Letting Go of the Reins
This new model is a huge shift from my initial impulse, which was to control the chaos. I’ve written before about my attempts to build frameworks like context-monkey to tame these agents. I was trying to micromanage every tentacle.
I’ve completely ditched that approach. I’ve found that a lighter touch is more effective. For example, my bootstrap prompt for getting an agent up to speed on a repository has shrunk from a 300-line document of detailed instructions to this:
Review this repository. Develop a precise understanding of its architecture, dependencies, and design patterns as if you were a core contributor.
Analyze the repository, return with a concise summary of the project. Await further instructions.
The key is giving the AI wiggle room for the “how,” not for the “what.” The critical constraints and goals must be well-defined, but the implementation path can be flexible.
The Beauty of the Unexpected
This hands-off approach doesn’t just make me more productive; it also opens the door for surprising discoveries. This brings us to nondeterminism. I’ve said it before: an AI being nondeterministic is not a bug, any more than a human being nondeterministic is a bug. It’s a reality we need to adapt to. Sometimes, this leads to frustrating outcomes that get deleted. Other times, it leads to moments of surprising brilliance.
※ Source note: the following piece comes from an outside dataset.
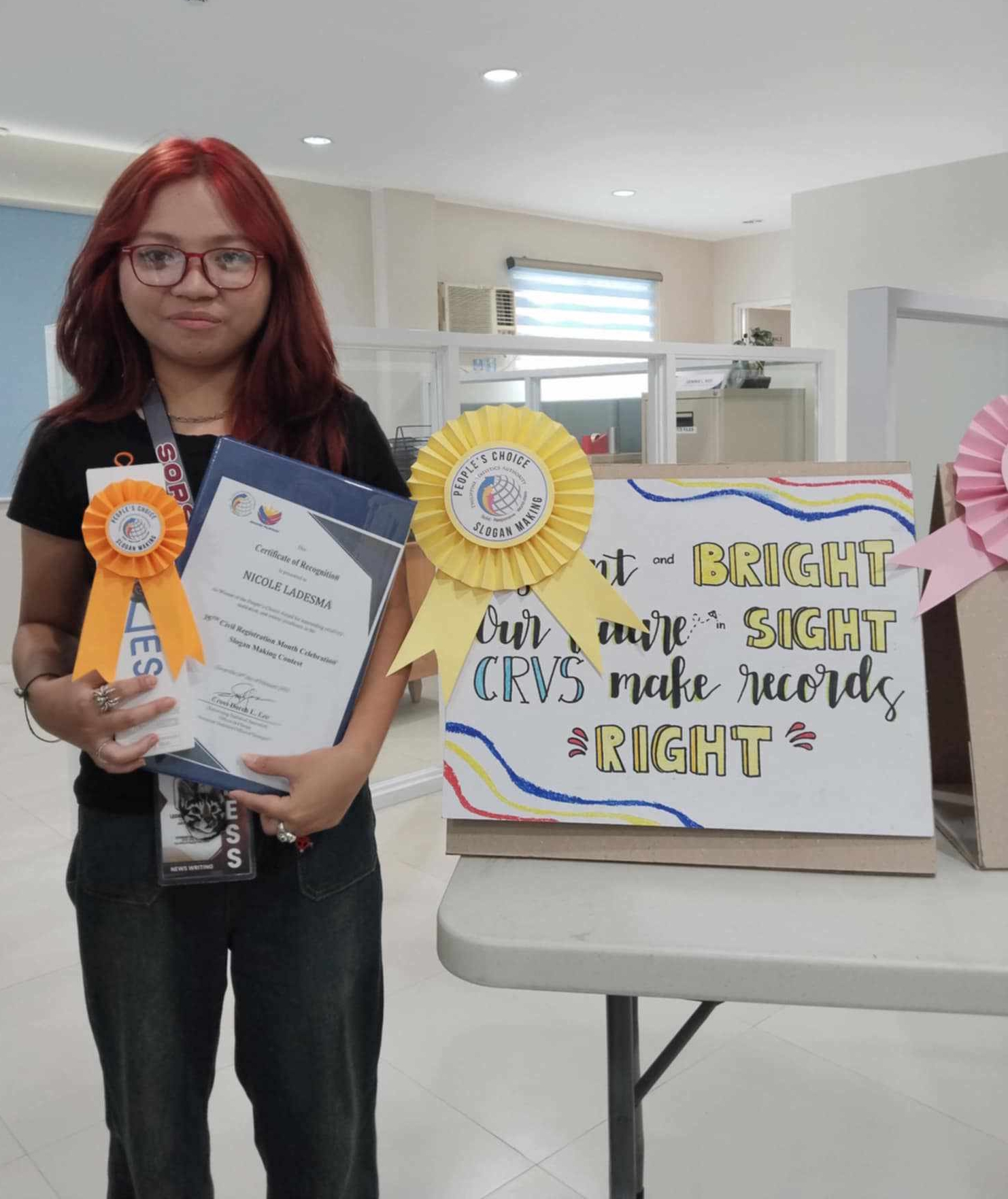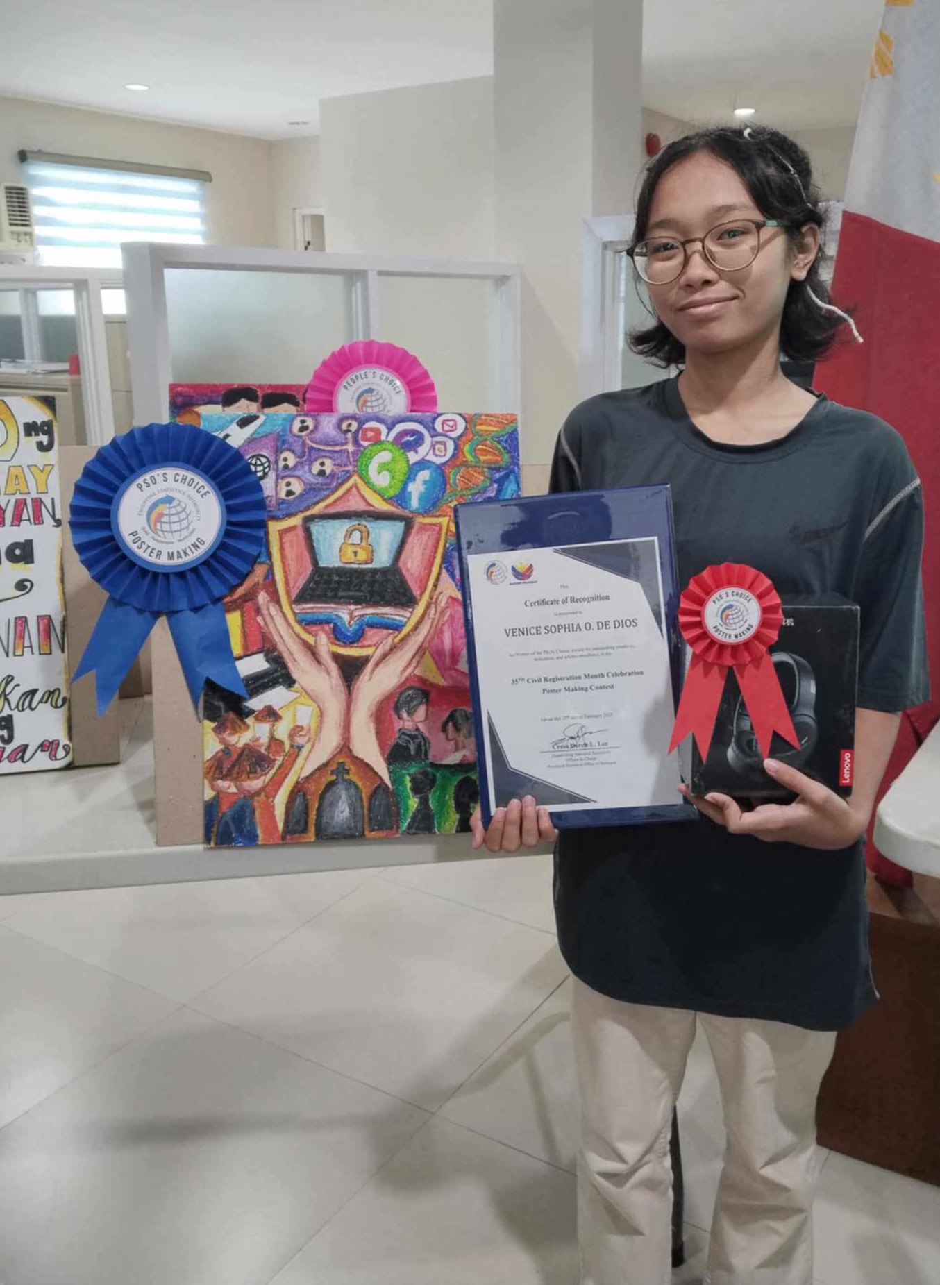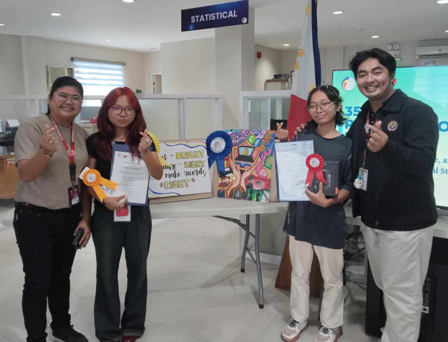 SorSU Lab High students bag awards at PSA Region V Sorsogon’s 35th Civil Registration Month event — De Dios wins PSO’s Choice Award in poster-making contest, Ladesma clinches People’s Choice Award in slogan-making contest

Recently, I asked two different agents how I could improve my dotfiles based on my command history. They came back with some fantastic new ways to manage git worktrees and zellij panes—practical, daily workflow improvements I hadn’t considered. This is a very small example of the reach optimizing its environment in ways the crown hadn’t considered.
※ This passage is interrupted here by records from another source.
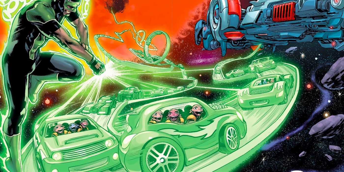Simon Baz podría no tener tanta experiencia como otros Lanterns en esta lista, pero rápidamente descubrió de lo que era capaz con un Power Ring en su dedo. Linternas Verdes #34 ve a Simon y su compañera Jessica teniendo que rescatar a una raza de extraterrestres de un planeta moribundo. Un recuerdo de la infancia inspira a Simon a llevar a los alienígenas lejos de forma segura en una pista de coches gigante. Cuando es necesario, el Power Ring es tan bueno para salvar vidas en masa como para combatir fuerzas hostiles.
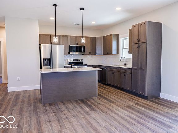 Welcome to The Lily, a smartly designed 4-bedroom, 2-bath new construction in the growing Four Oaks subdivision of Spencer, Indiana. With its open-concept layout and split-bedroom floor plan, this home keeps everyone connected while giving you plenty of personal space when you need it. The kitchen is ready for everyday life - and weekend entertaining - with a large island, solid wood cabinetry, stainless steel appliances, and quartz countertops that are as durable as they are beautiful. Sliding doors lead to a covered porch, perfect for morning coffee, family dinners, or just watching the sunset. The primary suite is your own little getaway, featuring a walk-in closet, dual sink vanity, and a walk-in tiled shower. You'll also love the luxury vinyl plank flooring throughout (easy to clean and easy on the eyes), the roomy 8x11 laundry/mud room, and the 2-car attached garage. Plus, a washer and dryer are included, so you can move right in and start living. Located in Four Oaks, this community was built around the idea of small-town living with a big country feel - where neighbors wave, kids play outside, and modern homes blend perfectly with peaceful surroundings. You'll be close to everything Spencer offers and just a short drive from Bloomington's shopping, dining, and entertainment. The Lily at Four Oaks - where practical design, everyday comfort, and small-town charm all come together.
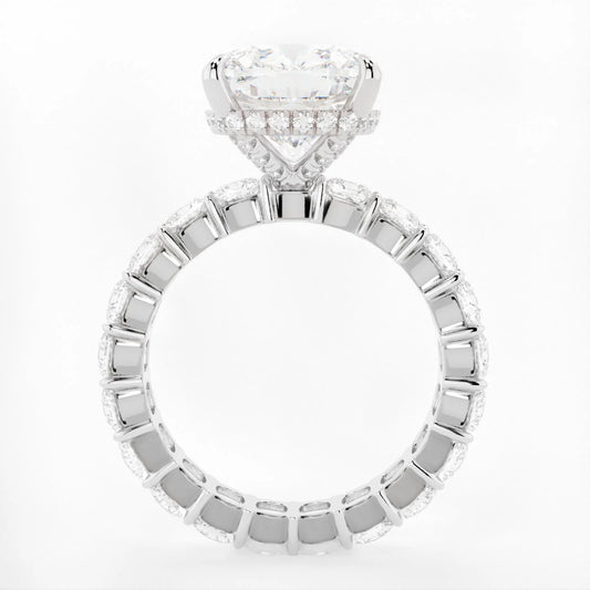 3.5 Carat Cushion Cut Hidden High Halo Diamond Engagement Ring 3mm Eternity Band
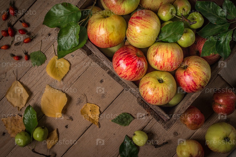 Ящик со свежими яблоками на старом деревянном столе
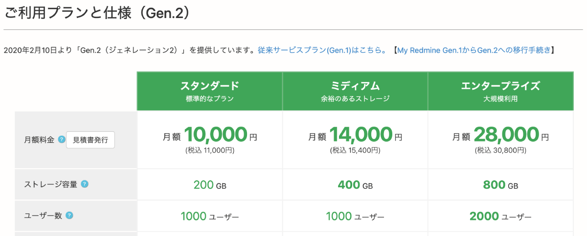 弊社サービスMy Redmine JP Edition(Gen.2)はご利用プランによりご利用可能なストレージ容量が決まっています。

Code is Cheap, Experimentation is Free
This partnership fundamentally changes the economics of software development. The crown can now afford to send its tentacles on dozens of exploratory missions, where before it could only fund one. The barrier to experimentation is now basically zero. It’s so easy to build prototypes or explore ideas that it feels irresponsible not to. We’ve all felt this when asking ChatGPT questions that were previously too daunting or time-consuming to research.
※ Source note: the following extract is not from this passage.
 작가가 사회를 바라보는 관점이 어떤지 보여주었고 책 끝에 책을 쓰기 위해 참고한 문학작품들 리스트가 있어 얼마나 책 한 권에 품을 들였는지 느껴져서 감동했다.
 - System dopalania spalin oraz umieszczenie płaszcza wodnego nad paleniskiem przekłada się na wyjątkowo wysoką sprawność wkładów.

But there’s a limit. I can experiment with more, but I can’t become an expert in more. My agents, working at full speed, produce more knowledge than I can fully digest. This creates the need for an odd new kind of trust.
My artificial reach has access to all the combined knowledge of humanity stored in its weights. It’s like the leap we gained from search engines, but the difference is the sheer scope of what I can do with that knowledge.
What is Intelligence?
This brings up the question of what “intelligence” even means in this new partnership. The agent exhibits staggering ability in achieving a goal, but it’s the crown that provides the goal and, more importantly, the taste and judgment to know if the result is any good.
This is why deep experience is more critical than ever. I couldn’t get these kinds of results from a medical LLM because I lack the background to spot a bad idea or pressure-test its findings. The feedback loop between the expert and the tool is everything. My expertise as the crown is what allows me to guide, validate, and ultimately harness the immense power of my digital reach.
This is more than just a new workflow; it’s a new way of thinking. The line between my own intelligence and the tool’s capabilities blurs. I’m not just directing a reach; I’m extending my own. The question for me, then, isn’t just about what I’m building, but about what I’m becoming in the process.